Mountain West Energy
- Company type: Private
- Industry: Oil shale industry
- Founded: 2005
- Headquarters: Highland, Utah, United States
- Key people: Kevin Shurtleff (President)
- Website: www.mtnwestenergy.com

= Mountain West Energy =

Mountain West Energy, LLC is an American unconventional oil recovery technology research and development company based in Orem, Utah. It is a developer of the In-situ Vapor Extraction Technology, an in-situ shale oil extraction technology. The company owns 880 acre oil shale leases in the Uintah Basin, Uintah County, Utah.

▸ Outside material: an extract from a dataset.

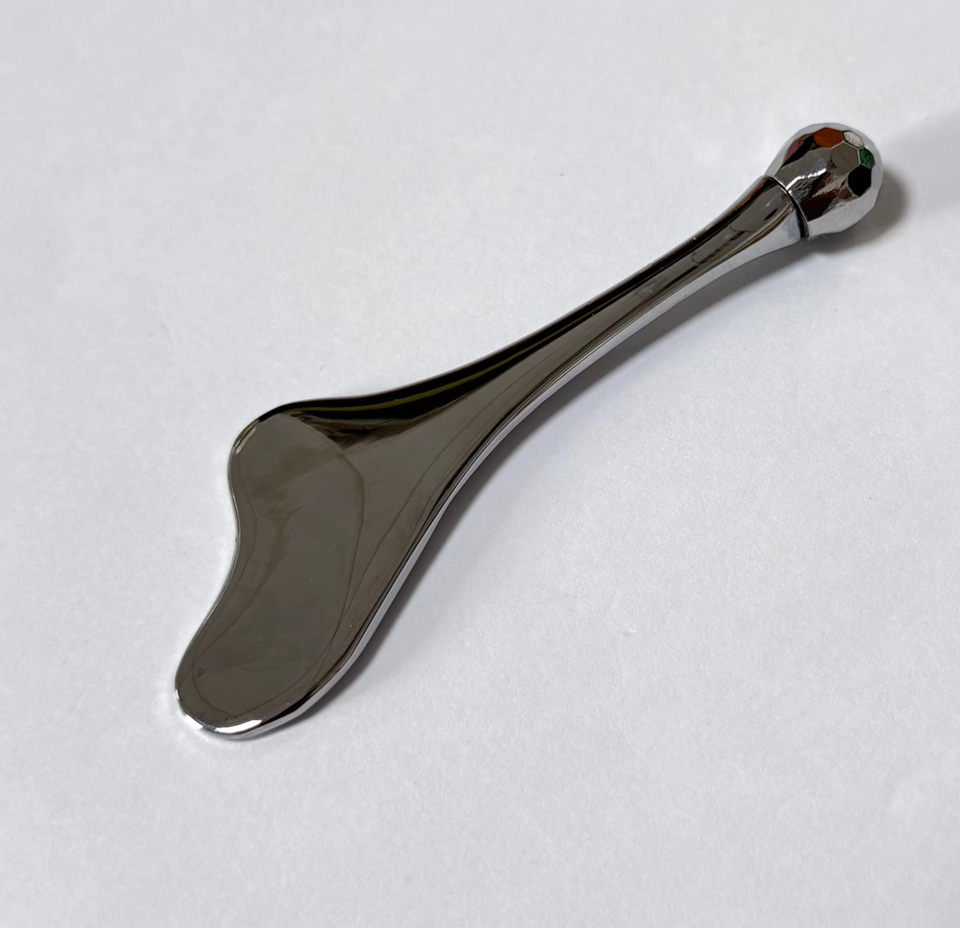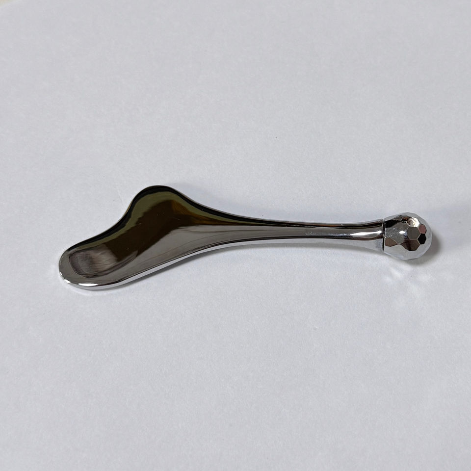 Product name:silver color metal gua sha face cream spoon with roller massager

In 2008, Mountain West Energy won the Clean Technology and Energy Utah Innovation Award.

==Technology==
Mountain West Energy has proposed an experimental technology for in-situ shale oil extraction called In-Situ Vapor Extraction. The company claims its technology would also be suitable for enhanced oil recovery and for extraction of heavy crude oil and oil sands. For conversion of the kerogen in oil shale into shale oil, the company proposes using a high temperature gas, injected through an injection well. In the oil shale formation, the gas would cause pyrolysis, releasing shale oil vapors. These vapors would be brought to the surface through an extraction well.

In 2009, Mountain West Energy concluded an exclusive agreement with San Leon Energy granting the San Leon rights to the technology for a three-year pilot project on the Tarfaya oil shale deposit of Morocco. San Leon signed a memorandum of understanding with the National Office of Hydrocarbon and Mining of Morocco on the Tarfaya oil shale deposit in May 2009.